Question

At what rate will a sum of Rs.\[4000\] yield a compound interest of Rs.\[410\] in \[2\] years?

Answer 1

Hint: To solve this question we should have the knowledge of compound interest. We should know how to apply the formula of compound interest on real life problem statements. The questions from this topic always demand the conversion of problem statements into mathematical form. We have to just identify the required values from the given question and substitute the values in the formula of compound interest.

Complete step-by-step solution:
This question requires the knowledge of compound interest and how to evaluate compound interest by substituting the values in the formula.
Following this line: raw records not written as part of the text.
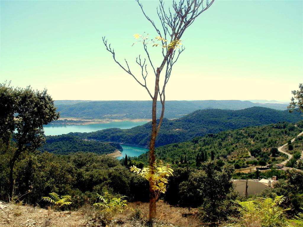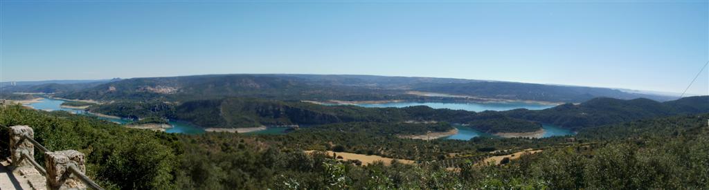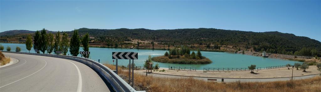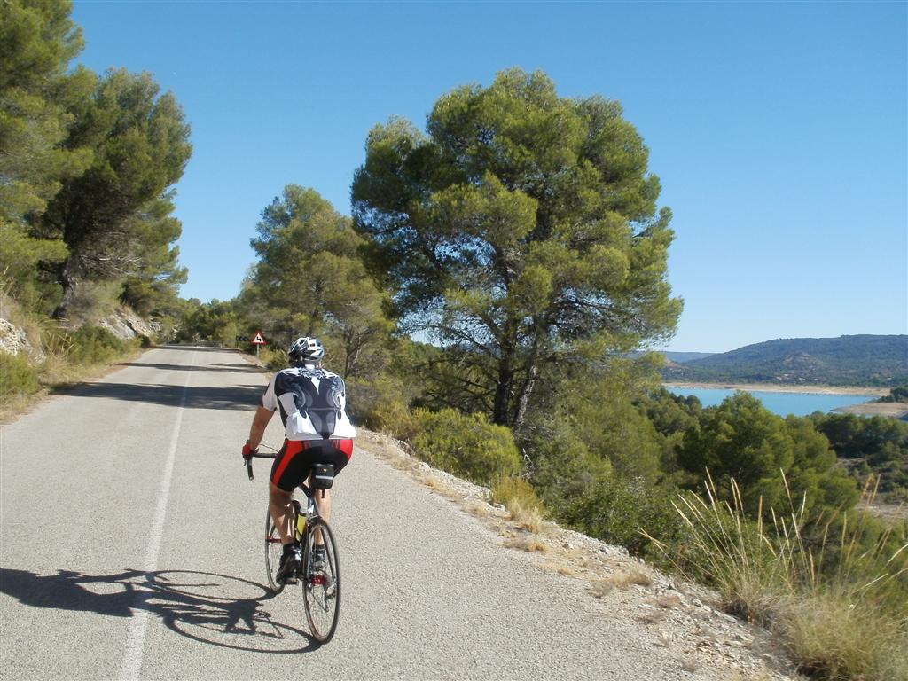 El día es fabuloso, el azul cielo nos rodea por todas partes ya que el embalse luce el mismo color, los barcos anclados rodeados de montes dejan una estampa curiosa mientras pedaleamos unas rampas que nos hacen ganar altura y alcanzar el dique de la presa. Unas obras de mantenimiento en los túneles no nos permiten hacer la ruta como la teníamos pensada y nos liamos un poco, pero una vez encontrada la carretera pintoresca comenzamos a disfrutar pedaladas de libertad, el placer de poder disfrutar una carretera sin ruidos, humos, pitidos en una gozada, un placer prohibido que en rincones de la alcarria aún puedes encontrar. La carretera va ganando altura poco a poco, en los últimos meses JJ ha ido a mas en la bici y yo a menos, me va dejando atrás a medida que la subida va ganando algo de pendiente, apenas me doy cuenta ya que mi vista va perdida en el embalse, en sus aguas azuladas con zonas de verde turquesa, en calas maravillosas que me gustaría recorrer con una piragua. A medida que vamos ganando altura el embalse nos deja ver su grandeza, su silueta abrazando montículos que lo desafían formando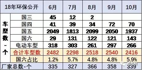 原文是:2018年10月,共有339家企业公开了2416个车型的环保 信息(详见表1),其中国四车型70个(详见表2),国五车型 1937个(详见表3),国六车型143个(详见表4),电动车型 266个(详见表5)。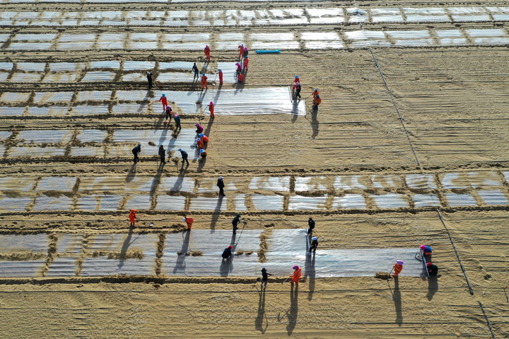 在新疆和田地區(qū)于田縣沙產(chǎn)業(yè)實(shí)驗(yàn)基地,當(dāng)?shù)厝罕娫诜N植薏米(2025年4月8日攝,無人機(jī)照片)。新華社記者 丁磊 攝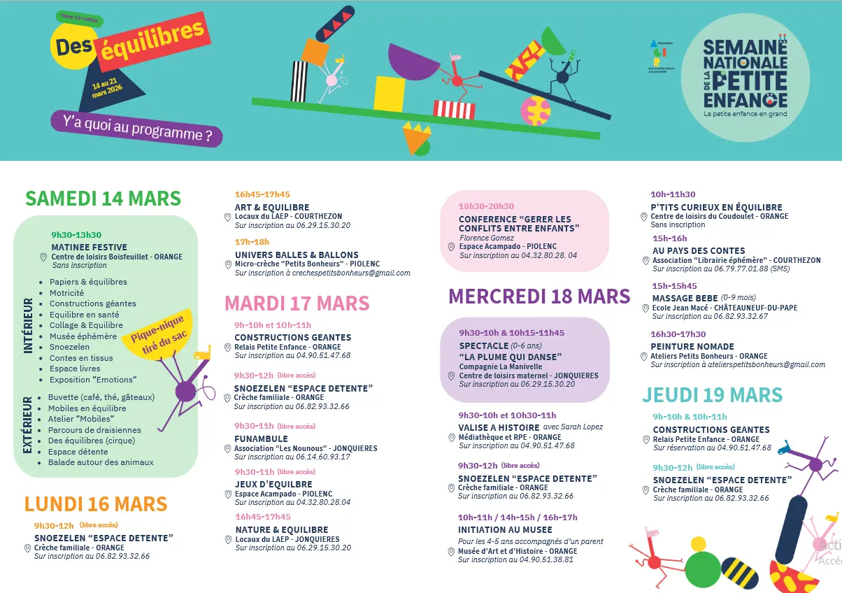 Pendant cette période, grâce notamment aux outils de communication et dossiers pédagogiques originaux mis à disposition gracieusement par l'association Agir pour la petite enfance, enfants, parents, familles et professionnels vont initier et participer à des ateliers, des conférences, des installations et des jeux d'éveil culturels et artistiques.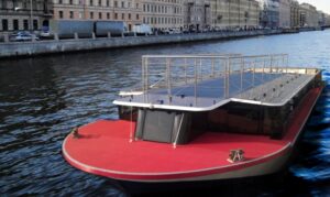 Теплоход класса Гранд Фонтанка.Закрытый салон, в салоне 10 столов и 50 стульев, плазма, микрофон, встроенная аудиосистема, барная стойка, санузел.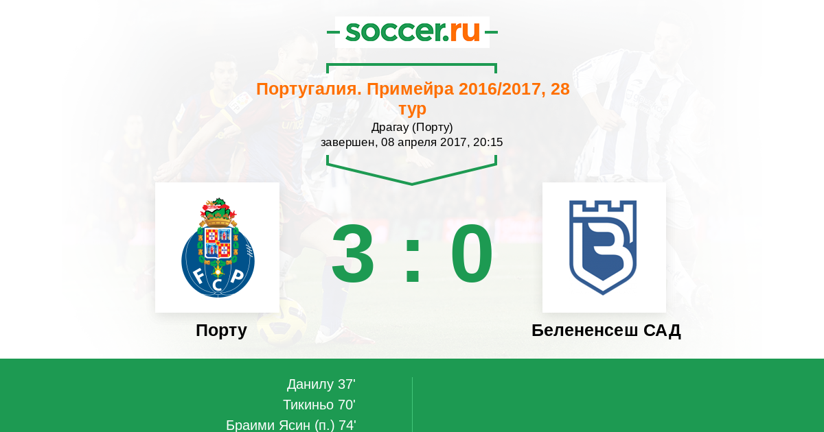 37' (1:0) Данилу (22) (Силва Андре (10))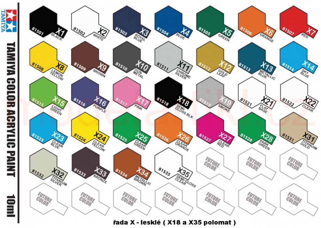 Při práci štětcem na větší plochy se nejlépe osvědčilo ředidlo Revell Aqua Color Mix. Doporučený poměr je 1 díl ředidla na 3-4 díly dobře rozmíchané barvy umístěné zvlášť v kalíšku. Na očištěný (odmaštěný) povrch barvu co nejrychleji rozetřeme v tenké vrstvě a do kříže. Pokud je potřeba další vrstva, aplikujeme cca za hodinu. Alternativně lze také použít zpomalovač schnutí Tamiya Paint Retarder spolu s Tamiya X-20A ředidlem. Bez těchto přípravků (Tamiya Paint Retarder + Acrylic Thinner, nebo raději Revell Aqua Color Mix) barva při natírání zanechává šmouhy a po chvíli se začne na štětec lepit. Označení X značí lesk, XF mat. Nezaschlou barvu lze odstranit čistou vodou nebo jakýmkoliv akrylátovým či syntetickým ředidlem. K dokonalému vyčištění stříkací pistole nebo štětce lze doporučit Tamiya Airbrush cleaner 250ml.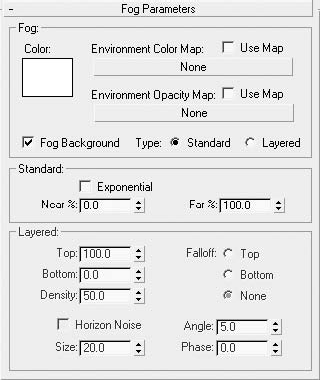 Рис. 8.12. Свиток Fog Parameters (Параметры тумана) вкладки Environment (Окружающая среда) окна Environment and Effects (Окружающая среда и эффекты)
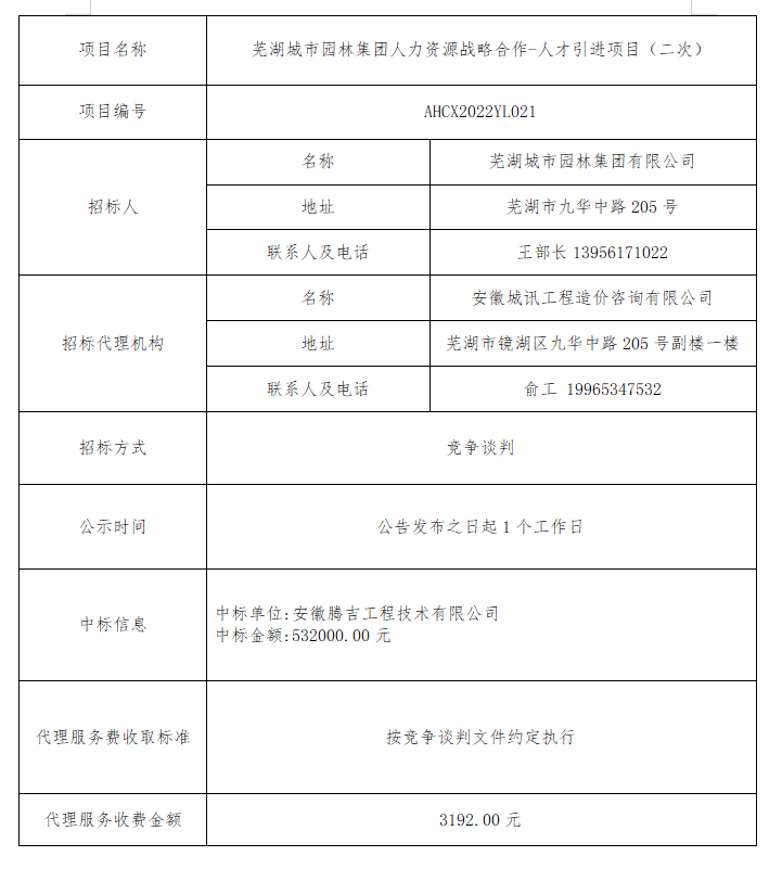 蕪湖城市園林集團人力資源戰略合作-人才引進(jìn)項目(二次)中標結果公示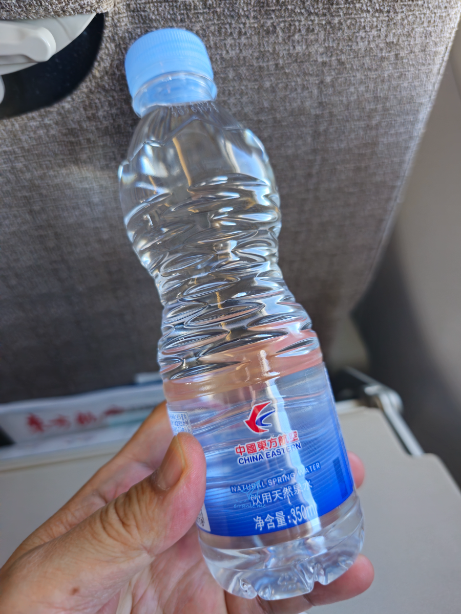 기내식이 나오면 기내 음료도 따라 나와야겠죠? 중국동방항공 부산-상하이 노선에서는 커피, 콜라 같은 익숙한 기내 음료 대신 생수를 한 병씩 나눠줍니다. 뭐 설탕 들어간 콜라보다는 생수가 건강에는 좋겠죠.

We should know how to convert this real life problem statement into mathematical form. We just need to know what is given in the question and just apply the required concepts. We will now move on to the discussion of the above concepts one by one.
Compound Interest: Compound interest is the addition of interest to the principal sum of a loan or deposit. In simple words, compound interest can also be defined as the interest on interest. In the case of simple annual interest it is the amount per period, multiplied by the number of periods per year.
For e.g. When you deposit money in a savings account, you will usually receive interest based on the amount that you deposited.
The above example is a real life example.
Compound interest is calculated by multiplying the initial principal amount by one plus the annual interest rate raised to the number of compound periods minus one. The total initial amount of the loan is then subtracted from the resulting value.
The formula for compound interest is given by,
\[A=P{{\left( 1+\dfrac{r}{n} \right)}^{nt}}\]
Here,
\[A=\] final amount
\[P=\] initial principal balance
\[r=\] interest rate
\[n=\] number of times interest applied per time period
\[t=\] number of time periods elapsed
After revising all the required concepts, let us move to solve the main question.
In the given problem,
\[P=4000\]
\[A=4000+410=4410\]
\[t=2\]
\[n=1\]
Substituting the above values in above formula we get,
 \[4410=4000{{\left( 1+\dfrac{r}{1} \right)}^{1\times 2}}\]
\[\begin{align}
  & \Rightarrow \dfrac{441}{400}={{(1+r)}^{2}} \\
 & \Rightarrow \sqrt{\dfrac{441}{400}}=(1+r) \\
 & \Rightarrow 1+r=\dfrac{21}{20} \\
 & \Rightarrow r=\dfrac{21}{20}-1 \\
 & \Rightarrow r=\dfrac{1}{20} \\
\end{align}\]
Let, \[R\] be the rate of interest.
$ \Rightarrow R=r\times 100 $
$ \Rightarrow R=\dfrac{1}{20}\times 100 $
$ \Rightarrow R=5% $
From this we can conclude that the rate of interest is \[5%\].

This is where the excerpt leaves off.